There are many advantages associated with sharing, but what I want to talk about in this blog post is one aspect which has (in my opinion) contributed significantly to the very success of the rails ecosystem. Since I started working with rails, I’ve noticed that the community is full of nice and caring people who share their knowledge and help others learn. This is achieved in many different ways: from creating fully fledged learning sites like codeschool.com and railscasts.com (from which I have benefitted immensely) to the vast array of awesome, high quality, well-maintained ruby gems made available by community members. Often times, you find Rubyists contributing back to the community (as much as they can) which results in the ecosystem as a whole to be enriched further. Collectively, we have achieved a stack of tools, libraries and resources which are very helpful, and this couldn’t have been made possible if we had not had the virtue of sharing. Rails itself was extracted from DHH’s work on basecamp. He could have kept it to himself and not care to share his work with others, but he was generous enough to do so, and hence we have one of the best frameworks to develop web-based apps with (and in my opinion, a very well designed piece of software that brings much happiness to developers).
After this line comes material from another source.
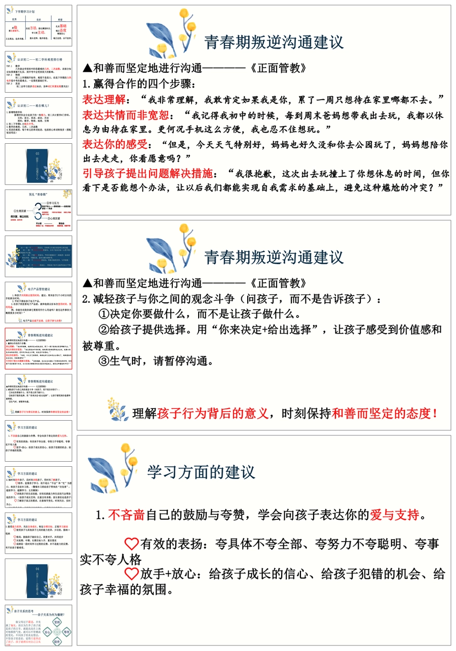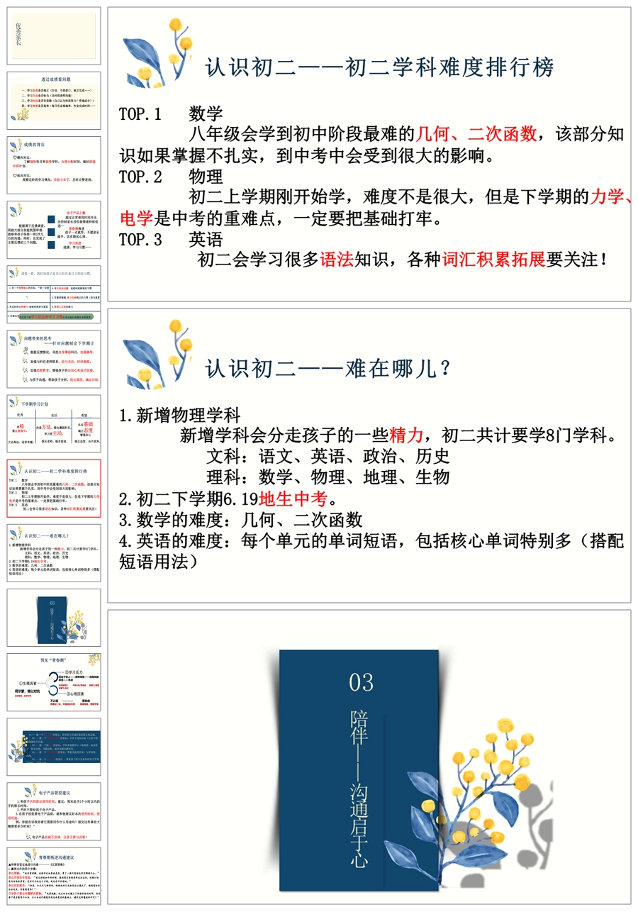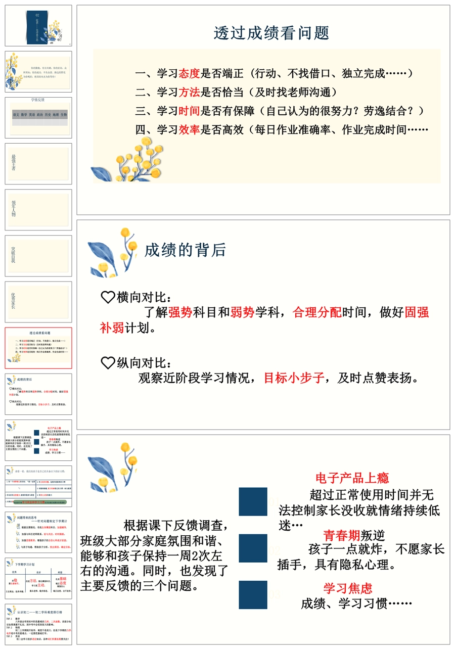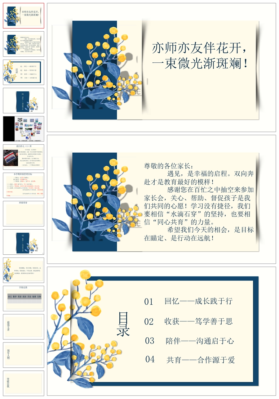 【8426】初一七年级下期末家长会《亦师亦友伴花开》ppt课件+配套发言稿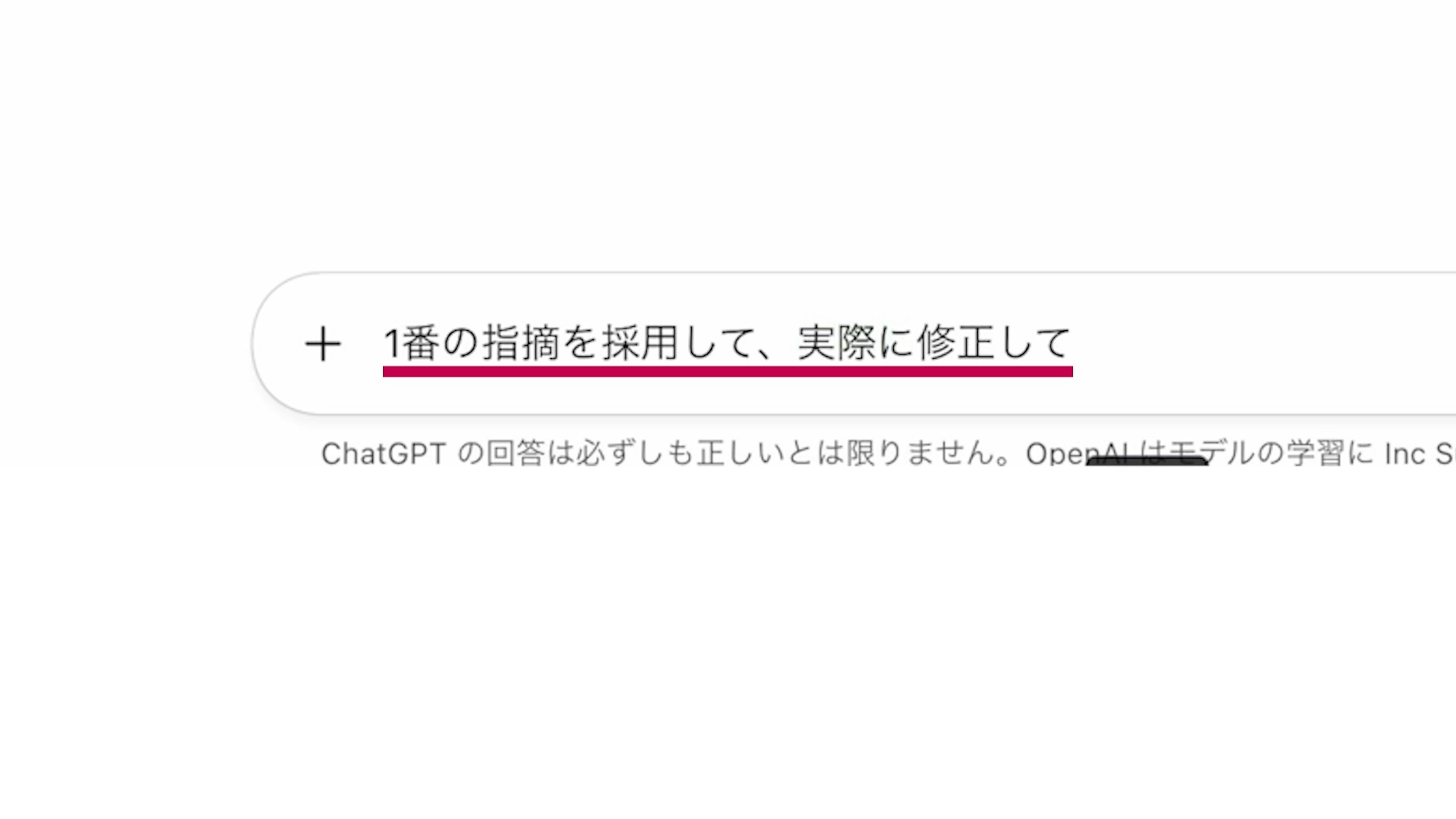 気に入った改善案があれば、「1番の指摘を採用して実際に修正して」と頼めば、AIがその場で修正案を書いてくれます。

More tech companies should open up, too. Now, after talking to a fair number of people in IT, I have realised that unfortunately one of the things preventing some of them from sharing is that they think by making their recipes known, they “risk” giving away important & secret information about their idea, product or whatever it is that they are working on. This, I believe, is a false notion. Take cooking books for example. Chefs who write those books are not worried that someone might steal their secret recipe, open a restaurant next to theirs, and compete with them. That’s just not how it works.
Lastly, another gain of sharing, which I have experienced personally, is the sense of joy that comes with it. It’s very satisfying to see others benefit from your recipes/solutions/methods, etc. So, do give it a try. A good way to start, you ask? I suggest you establish an online presence immediately, through a weblog. Fortunately in the ruby world, there is an awesome blogging engine, called Octopress, that makes this extremely simple. In fact, Octopress is the very engine that powers ParsaLabs weblog. In my next blog post, I am going to walk you through the steps involved in creating a weblog with Octopress and deploying it to heroku. So, stay tuned for that ;–)
Together we can achieve the unimaginable.